Fig. 4. High circulating levels of FSH impaired glucose tolerance and insulin secretion.

a Schematic of C57BL/6 female mice receiving different treatments. b Serum FSH and serum E2 levels in female mice with different treatments. n_Sham = 7, n_OGF = 8, n_OGFE = 7. **P < 0.01 vs. Sham, ^##P < 0.01 vs. OGFE. c Glucose tolerance test and AUC of female mice in each group. n_Sham = 7, n_OGF = 8, n_OGFE = 6. *P < 0.05 vs. Sham, **P < 0.01 vs. Sham, ^#P < 0.05 vs. OGFE. d Insulin tolerance test and AUC in female mice with different treatments. n_Sham = 7, n_OGF = 7, n_OGFE = 6. e Blood insulin levels at 0 min and 30 min after glucose injection and its fold changes of female mice with different treatments. n = 7 per group, **P < 0.01 vs. Sham, ^#P < 0.05 vs. OGFE. All the female mice were performed the serum and metabolic tests at 13 weeks of age. Data (b–e) were shown as mean ± s.e.m. and analyzed by one-way ANOVA. Statistical details are in Supplementary Table 2. Source data are provided as a Source data file.

Fig. 5. FSH orchestrates GSIS via the cAMP/PKA and Ca²⁺ pathway, which is controlled by Gαs and Gαi switch.

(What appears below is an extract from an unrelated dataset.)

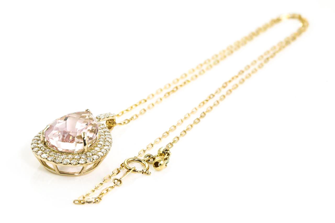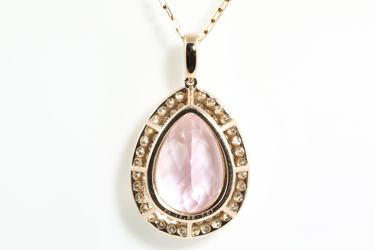Kunzite and Diamond pendant with a pear shape Kunzite of 12.22ct and Diamonds totalling 1.01cts (Estimated grading: H SI). 18ct yellow gold with 18ct gold 45cm adjustable chain. Weight: 8.4g (As New)

a MIN6 cells were transfected with either the scramble (left) or the Fshr siRNA (right), followed by GSIS assays with different concentrations of FSH. n = 10 repeats each group, *P < 0.05, **P < 0.01; ^#P < 0.05, ^##P < 0.01 compared to 0 IU/L FSH group. b, c Intracellular cAMP concentration (b) and PKA activity (c) was measured in MIN6 cells after stimulated with 16.7 mM glucose and different concentrations of FSH for 1 h. n = 10 repeats each group, *P < 0.05, **P < 0.01; ^#P < 0.05, ^##P < 0.01 compared to 0 IU/L FSH group. d GSIS was tested in MIN6 cells treated with or without PKA inhibitor (H89, 10 μM). n = 5 repeats each group, *P < 0.05, **P < 0.01, ^#P < 0.05. e Intracellular Ca²⁺ levels were measured by fluorescence of the Ca²⁺ dye Fluo-4 AM in MIN6 cells treated with or without FSH, addition of 16.7 mM glucose. n = 10 repeats each group, *P < 0.05 vs. 0 IU/L FSH, ^#P < 0.05 vs. 100 IU/L FSH. f–h MIN6 cells were pre-treated with or without 10 μM NF449 (Gαs protein inhibitor) for 1 h, followed by GSIS assays and intracellular cAMP concentration measurements, under different concentrations of FSH. n = 5 repeats each group of GSIS assays, n = 4 repeats each group of intracellular cAMP concentration measurements, *P < 0.05, **P < 0.01. i–k GSIS assays and intracellular cAMP concentration measurements under different concentrations of FSH in MIN6 cells pre-treated with or without 100 ng/ml PTX (Gαi protein inhibitor), n = 5 repeats each group of GSIS assays, n = 4 repeats each group of intracellular cAMP concentration measurements, *P < 0.05, **P < 0.01. a–k Data were shown as mean ± s.e.m., n = 4 or 5 per group, analyzed by one-way ANOVA (a–e) and unpaired two-tailed Student’s t-tests (f–k). Statistical details are in Supplementary Table 2. Source data are provided as a Source data file.